[Work item] Return the lines of the data below starting at the one holding "Так рентгенотелевизионная установка" and ending at the one holding "舞台「ヘンデルとグレーテル」より", word for word, leaving every picture out.

[Excerpted data]
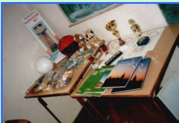
Nagrody XIV Międzynarodowego Turnieju Szachowego Przemyskiego Niedźwiadka
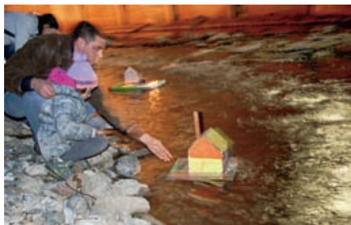
Končno je prišel čas, da vržemo "vuč u vodo".
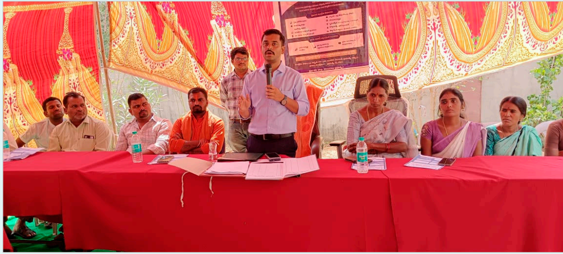
పథకం పై పథకాలపై అభ్యర్థులు అడిగిన సందేహాలను సబ్-కలెక్టర్ నివృత్తి చేశారు. ఈ పథకాల ప్రయోజనాలను పొందడానికి సంబంధిత అధికారులను ఎలా సంప్రదించాలో సబ్-కలెక్టర్ మార్గదర్శనం చేశారు

రెంజల్ మండలం దుప్పల్లి తెలంగాణ రాష్ట్ర గీతం జయ హే తెలంగాణ. సర్పంచ్ ద్వారా స్వాగత ప్రసంగం, పరిచయం. ముఖ్యమంత్రి సందేశం ఐ ఎన్ పి ఆర్గిజిఎం ద్వారా గురువారం ఉదయం అందించినది వాచనం. వివిధ శాఖల ఫైగ్షిప్ కార్యక్రమాలు మరియు సాధనపై సమాచారం. రైతు భరోసా, ఇతర పథకాల కింద లబ్ధిదారుల పేర్ల వాచనం లబ్ధిదారుల అభిప్రాయాలు, అనుభవాలు. ప్రజా ప్రతినిధుల సందేశం మరియు తదుపరి కార్యక్రమం. గ్రామ సమస్యలు మరియు పరిష్కారాలపై చర్చ. తీర్మానాలు, కార్యచరణ పాయింట్లు మరియు ముగింపు. బోధన్ సబ్-కలెక్టర్, రెంజల్ తహసీల్దార్, ఇతర అధికారులు ఈ కార్యక్రమంలో పాల్గొన్నారు. ఈ కార్యక్రమం సందర్భంగా సబ్-కలెక్టర్ క్రింది సంక్షేమ పథకాల గురించి వివరంగా వివరించారు: రైతు భరోసా, రైతు భీమా, కొత్త (రేషన్) కార్డులు, చేయూత పెన్షన్లు, ఇందిరమ్మ ఇళ్ల
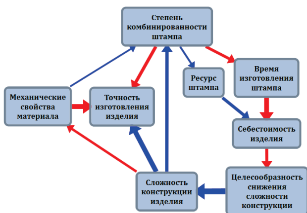
Рис. 1. Основная метафора
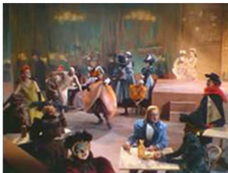
Fig. 9 - Toulouse-Lautrec, Au Moulin rouge , 1890 e citazione nel film "Un americano a Parigi"
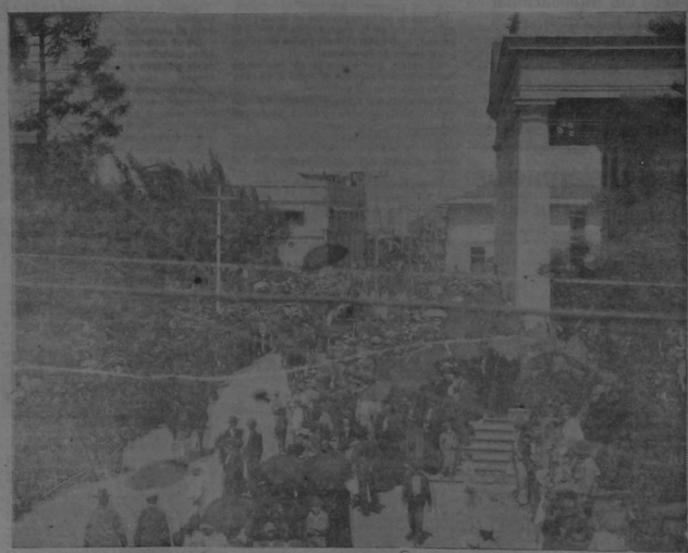
El cortejo y la tropa frente a la Catedral, en el momento de salir el féretro
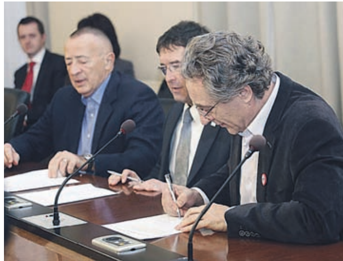
Predstavniki vlade in sindikatov javnega sektorja so podpisali anekse h kolektivnim pogodbam.

Predstavniki vlade in sindikatov javnega sektorja so podpisali anekse h kolektivnim pogodbam, s katerimi bo realiziran dogovor o odpravi dela plačnih nesorazmerij.
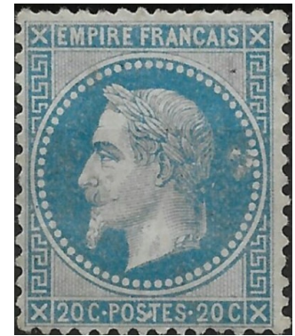
20 cempire Lauré gravé par Désiré-Albert Barre n° 29 B Y et T
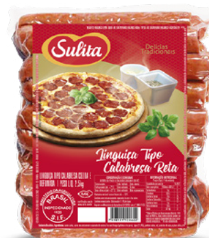
Calabresa Reta 2,5kg
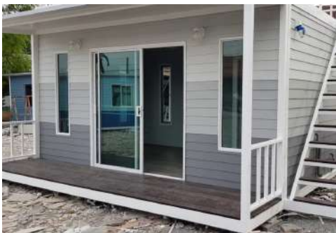
บ้านประกอบเสร็จ
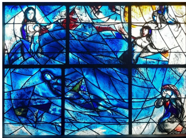
Ausschnitt des Marc Chagall Fenster in Tudeley

Rückfahrt zu Ihrem Hotel und gemeinsames Abendessen.
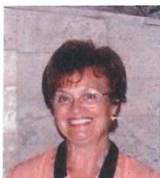
ΑΝΤΙΠΡΟΕΔΡΟΣ ΓΙΟ ΚΟΝΤΟΠΟΥΛΟΥ
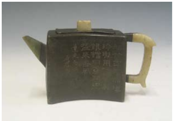
圖十一 朱堅製 夾錫環竹壺 香港中文大學文物館藏，聽泉山館舊藏 高：9.8公分 寬：16.7公分

壺身一面刻磐石，有隸書題款：「癸未孟春樸道人製」。按紀年癸未（一八二三），此壺是朱堅三十四歲時製作。另一面刻行楷銘文：「石可袖，亦可漱，雲生滿瓢，嚙者壽。」刻款「老某」。內底有「石某作」隸書
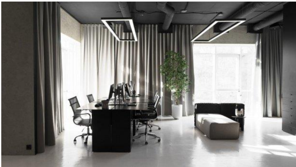
Рис. 1.12. Дизайн інтер'єру офісу Ya Vsesvit.

Проект української студії Yakusha - офіс Ya Vsesvit.
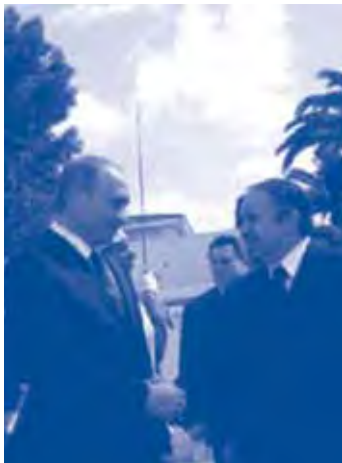
Putin i Bouteflika el 10 de març de 2006.

Rússia i França superen per primera vegada els EUA en la venda d'armes a Algèria. Aquesta notícia no és cap anècdota aïllada. El 2005, la indústria russa d'armament va superar els Estats Units en la venda d'armaments als països en vies de
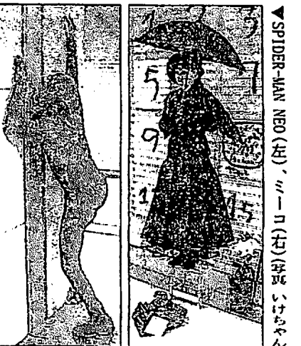
▶SPIDER-MAN NEO (左)、ミューコ(右)

6月25日(日)。紺屋町地下商店街が、一時特殊な空気に包まれた。見慣れたはずの町並みに4体の不思議な像が現れたからだ。なんだあれは？そんな思いの通行人がたくさんいたに違いない。「スタチューフェスタ」。それが今回のイベントの名称。スタチューとは彫像という意味で、彫像になりきるパフォーマー達。ただこのスタチュー達、急に動いては周りの人達を驚かせたりすることもある困ったちゃん達でもある。しかし、そんなスタチュー達に近づき写真を撮ったり、投げ銭をし握手をしてもらうなどの強者通行人が続出。いつしか遠巻きながら人だかりが出来ていた。スタチューだけのイベントなんて、今現在静岡しかないだろう。「不思議に満ちあふれる街、静岡」そう思われるのも時間の問題であらう。【ミューコ】
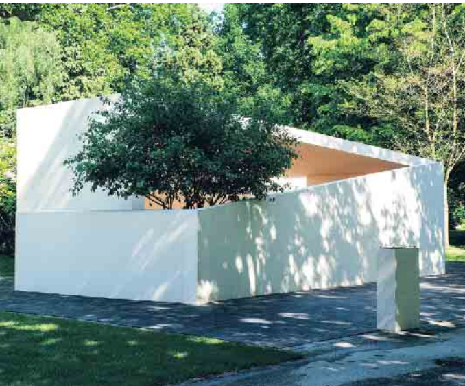
Ein alternativer und konfessionsübergreifender Trauerort auf dem größten Parkfriedhof der Welt.
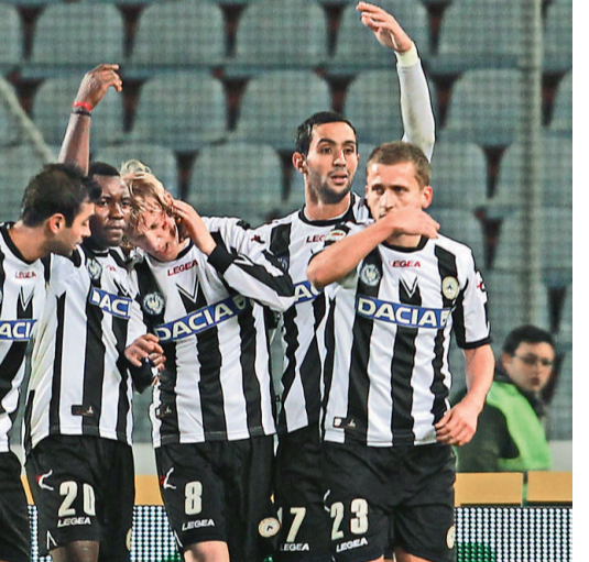
烏甸尼斯進佔意甲榜首
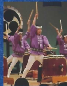
NPO 法人 太鼓の楽校
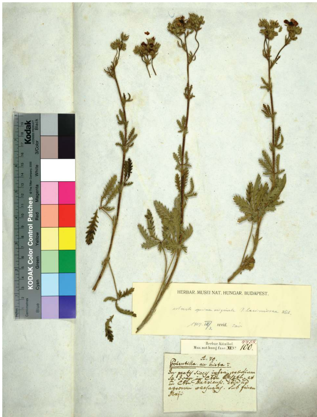
Рис. 3. Оригинальный образец Potentilla laciniosa .
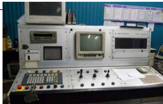
Так рентгенотелевизионная установка выглядела в ПЦЛ на протяжении 22 лет

После сложного процесса подбора мониторов рентгенотелевизионную установку удалось модернизировать. Вместо маленьких экранов на ней появились качественные широкоформатные мониторы, а также возможность цифровой записи изображе-
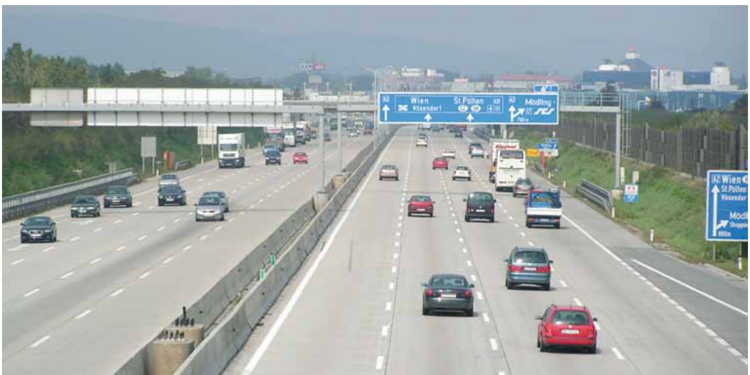
Abbildung 1: Generalerneuerung und Verbreiterung Knoten Vösendorf – Südatabahn A2, 2005

Bereits 1990 wurde in Österreich die Waschbetonbauweise mit ihren guten lärmindernden Eigenschaften und ihrem hohen Griffigkeitsniveau eingeführt. Sie stellt heute die Standardbauweise für das hochrangige Strassennetz in Österreich dar und hat sich auch im städtischen Bereich bewährt. Jüngste Untersuchungen (Forschungsauftrag des Bundesministeriums für Verkehr, Innovation und Technologie BMVIT) [1] bestätigen das gute Langzeitverhalten: die
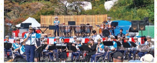
吹奏楽部は愛媛県警察音楽隊と一緒に演奏を披露
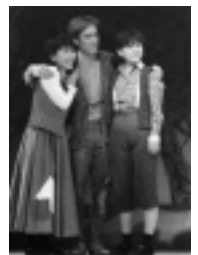
舞台「ヘンデルとグレーテル」より

ミュージカル体験で豊かな表現力をはぐくむとともに、子供たちの心に残る思い出作りをしませんか?演題は「ヘンデルとグレーテル」です。「劇団フジ」の監督さんや団員が歌や踊りやセリフの指導を行います。経験の有無は問いませんので、是非、ご参加ください。
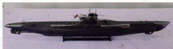
Razred C-8, Izložak br.27 Podmornica Type VII Igor Petrović, Rijeka
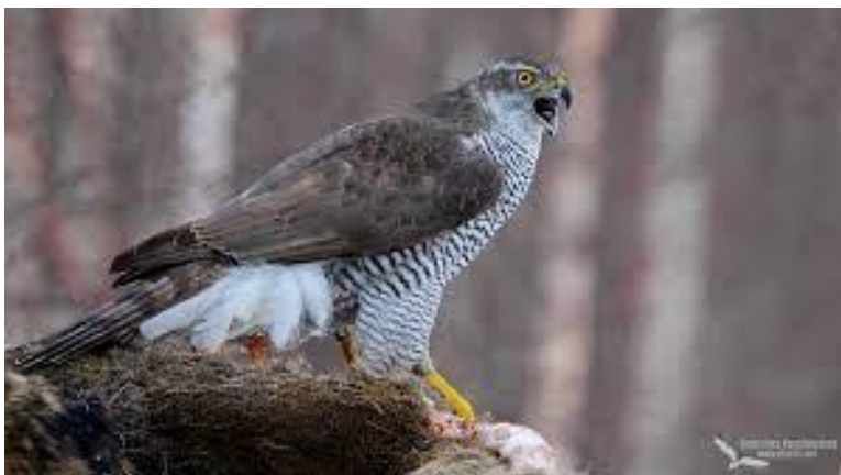
Slika 34. Obični jastreb
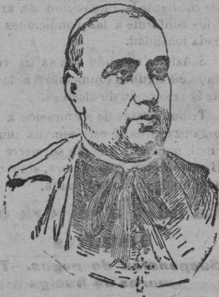
El cardenal Almaraz y Santos, primado de España, que con gran pompa ha hecho su entrada el domingo último en Toledo

[Task answer]
Так рентгенотелевизионная установка выглядела в ПЦЛ на протяжении 22 лет

После сложного процесса подбора мониторов рентгенотелевизионную установку удалось модернизировать. Вместо маленьких экранов на ней появились качественные широкоформатные мониторы, а также возможность цифровой записи изображе-
Abbildung 1: Generalerneuerung und Verbreiterung Knoten Vösendorf – Südatabahn A2, 2005

Bereits 1990 wurde in Österreich die Waschbetonbauweise mit ihren guten lärmindernden Eigenschaften und ihrem hohen Griffigkeitsniveau eingeführt. Sie stellt heute die Standardbauweise für das hochrangige Strassennetz in Österreich dar und hat sich auch im städtischen Bereich bewährt. Jüngste Untersuchungen (Forschungsauftrag des Bundesministeriums für Verkehr, Innovation und Technologie BMVIT) [1] bestätigen das gute Langzeitverhalten: die
吹奏楽部は愛媛県警察音楽隊と一緒に演奏を披露
舞台「ヘンデルとグレーテル」より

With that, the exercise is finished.